Decision and Reasoning: The appeal was upheld.
One sentence of three months’ imprisonment was imposed for the resist police and the first aggravated assault charge. The Magistrate made no reference to the facts of the resist police charge, which was in fact not particularly serious and only involved ‘childish and idiotic’ behaviour (see at ) and nothing more. Even though the aggravated assault charge required a sentence of imprisonment, this did not mean that the resist police charge also required a sentence of imprisonment. A similar conclusion was reached in relation to the second Magistrates’ Court file, where the appellant was sentenced to one term of one month imprisonment for the breach of bail and contravention of intervention order offence. He should not have been punished for the breach of bail offence because he believed he was not in breach of bail, which was acknowledged by the Magistrate.
The facts that formed the basis of the contravention offence in the fourth file were the same facts that formed the basis of the aggravated assault charge. The facts that formed the basis of the second contravention offence relied on the same facts as the property damage charge. Therefore, Peek J found that there was both ‘double charging’ and ‘double punishment’. Convictions were recorded for four offences when they only should have been recorded for two and a penalty imposed for four offences when it only should have been imposed for two. It may have been possible to charge alternative offences, but once pleas of guilty were taken the other count should have been dismissed. Peek J did acknowledge the problem that where a breach is particularly serious, the maximum penalty for a contravention offence is two years, while the maximum penalty for offences such as aggravated assault is higher. In that case, his Honour stated that the best option would be to lay the more serious charge with the contravention offence laid as an alternative charge, to be withdrawn upon a guilty plea to the more serious charge. Furthermore, the fact that the offender knew that the assault was also a contravention of an intervention order would be an aggravating factor in sentencing the more serious charge.

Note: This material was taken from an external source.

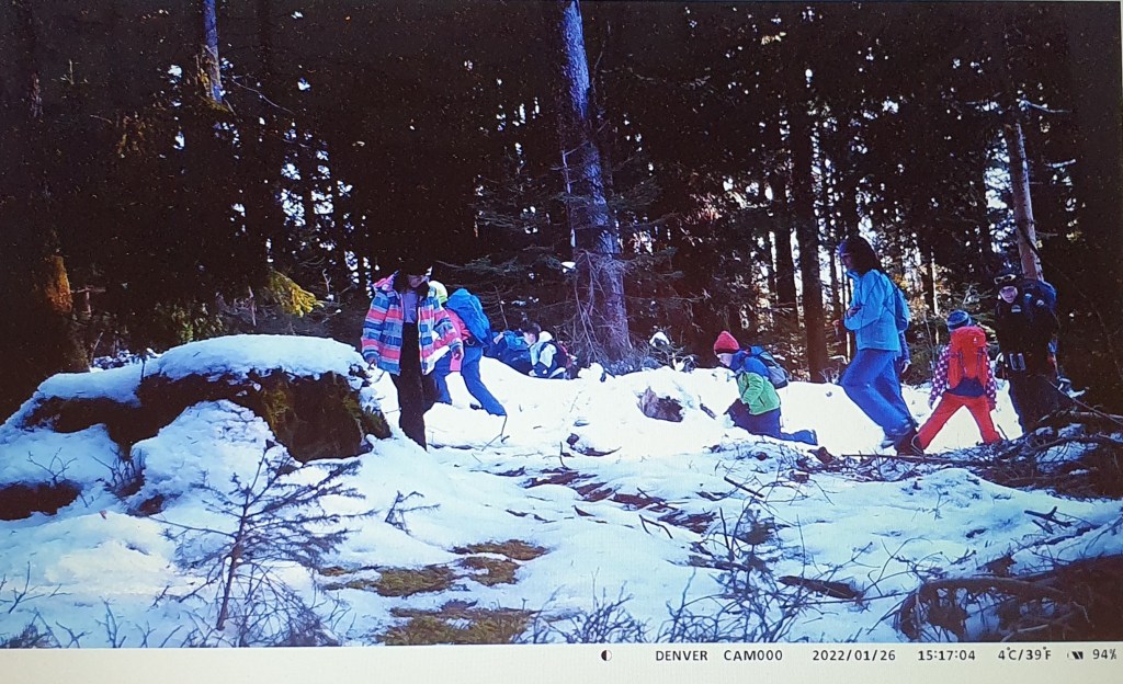 Wir entdeckten verschiedene Spuren im Schnee und Wald…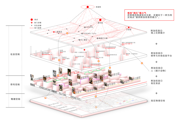在这个过程中,维持“网红的热度与关注度,关键在于一种为特定地点提供附加信息的能力。由此,只需精心打造几处适合相机的立面或场景,成为一种新型的城市表皮主义。频繁更换的皮肤,形成城市快闪景观。当然,我们也看到丰富路烟火气的起始并非是网络媒介的单一作用。初始的“极点”大多是扎根在地社群,形成线下的影响力,并传播至整个街区。网络媒介作为丰富路片区城市空间再生产的推手,融入了由于城市化催生的文化与社会层面的扰动,构成了社会行动和流动的多种特定环境类型。在这样的再生产机制下,符号空间不断向社会空间和物理空间注入附加信息,增加街区的新陈代谢,形成热点的爆发与传播,最终塑造了丰富路片区独特的烟火圈特质。

In resentencing, his Honour took into account the appellant’s youth, minimal criminal history and good rehabilitation prospects. He also took into account the victim impact statement, in which the complainant stated she wished to maintain a relationship with the appellant and stated that she is ‘not a victim’. His Honour described this as a ‘mature and balanced view of the relationship’. However, relevant also was the need to protect domestic partners, the repeated nature of the offending and the need to ensure intervention orders are obeyed. The appellant was re-sentenced to 50 weeks’ imprisonment, fully suspended.